A New Atlas Reveals Dynamic Diversity of Brain Astrocytes Across Development and Species

A new atlas comprehensively maps the remarkable diversity of astrocytes, a crucial non-neuronal cell type, across the brains of mice and marmosets. While neurons often receive the most attention in discussions of brain function, healthy brain activity fundamentally relies on the intricate cooperation of various cell types. Astrocytes, the most abundant non-neuronal cells, are star-shaped and bear a multitude of responsibilities, including shaping neural circuits, participating in information processing, and providing vital nutrient and metabolic support to neurons. These individual cells exhibit dynamic roles throughout their lifespan, with astrocytes in one brain region often differing in appearance and behavior from those elsewhere.

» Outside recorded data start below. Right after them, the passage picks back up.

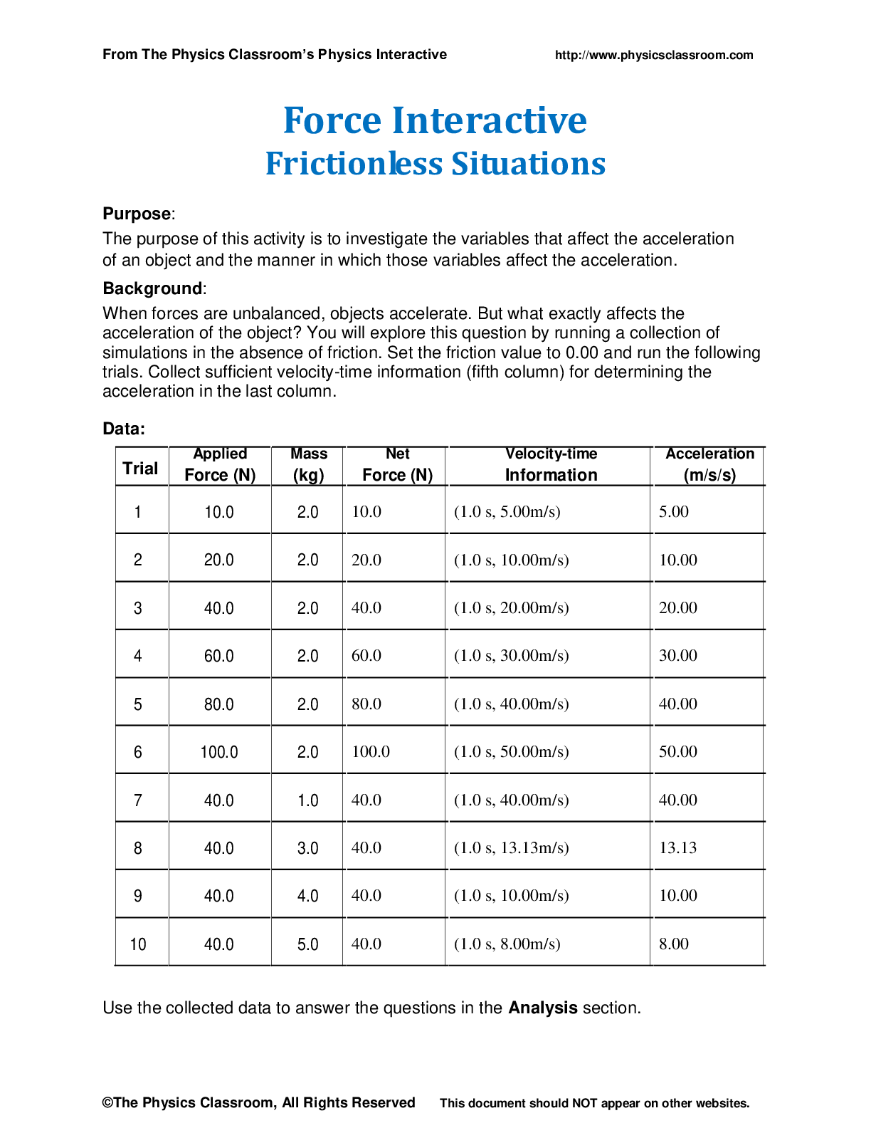 Physics > QUESTIONS & ANSWERS > The Physics Classroom’s Physics Interactive/ Force Interactive Frictionless Situations (All)
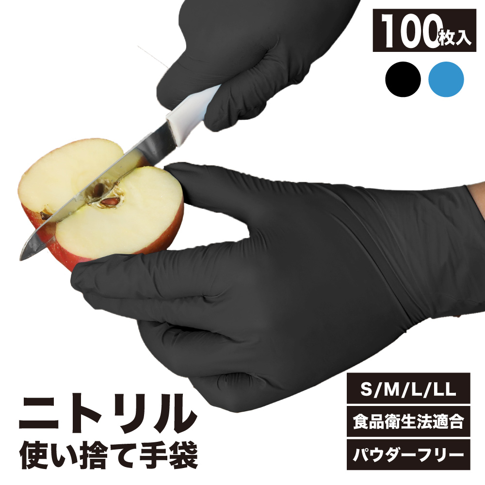 ニトリル手袋 食品用 食品衛生法適合 100枚 パウダーフリー キャンペーン 使い捨て ニトリル手袋 耐薬性 飲食店 家庭 イベント 料理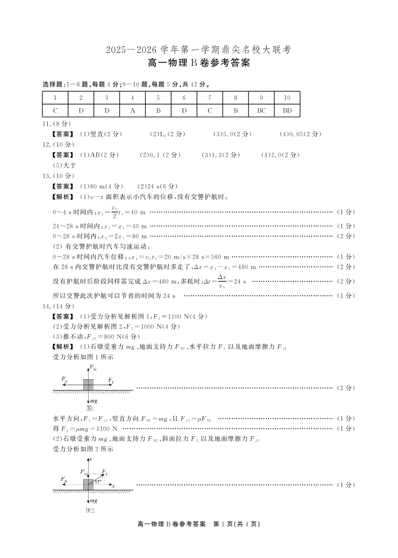 【物理B卷答案】安徽省鼎尖名校大联考2025-2026学年上学期高一11月期中考试.pdf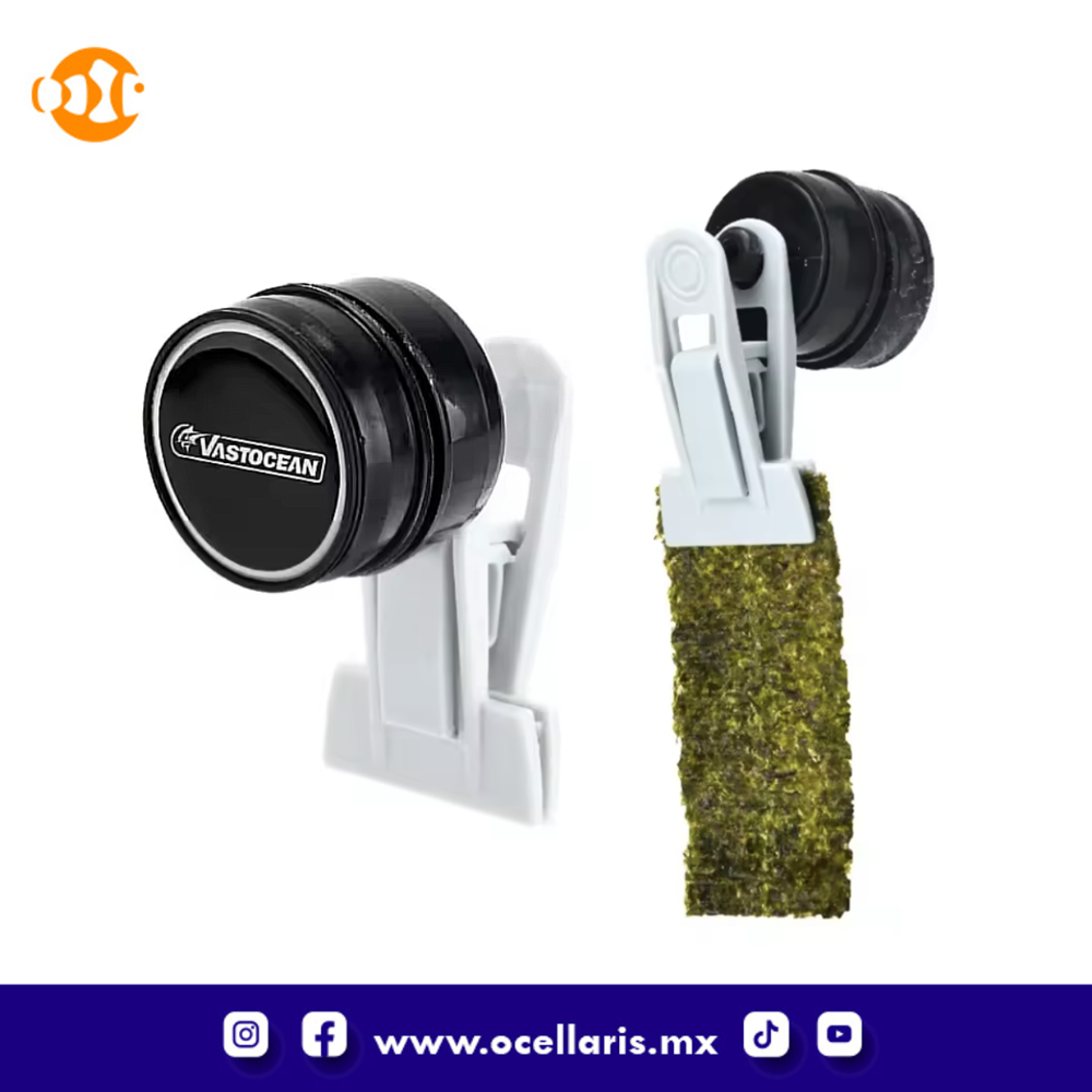 magnético fuerte para alimentación de algas marinas, clip para verduras, suministros para acuario, es perfecto para tus herbívoros. Alimenta facilmente, simplemente engánchalo, desliza el imán en su lugar, y esta listo. El imán funciona con vidrío o acrilico, se puede quitar para una fácil limpieza.

Researchers at MIT have now provided neuroscientists with an exhaustive atlas detailing this dynamic diversity of astrocytes. The maps within this atlas illustrate the regional specialization of astrocytes across the brains of both mice and marmosets—two critical models in neuroscience research—and chart how their populations evolve during brain development, maturation, and aging.

This open-access study, published in the November 20 issue of Neuron, was led by Guoping Feng, the James W. (1963) and Patricia T. Poitras Professor of Brain and Cognitive Sciences at MIT. Support for this pioneering work came from the Hock E. Tan and K. Lisa Yang Center for Autism Research, part of the Yang Tan Collective at MIT, and the National Institutes of Health’s BRAIN Initiative.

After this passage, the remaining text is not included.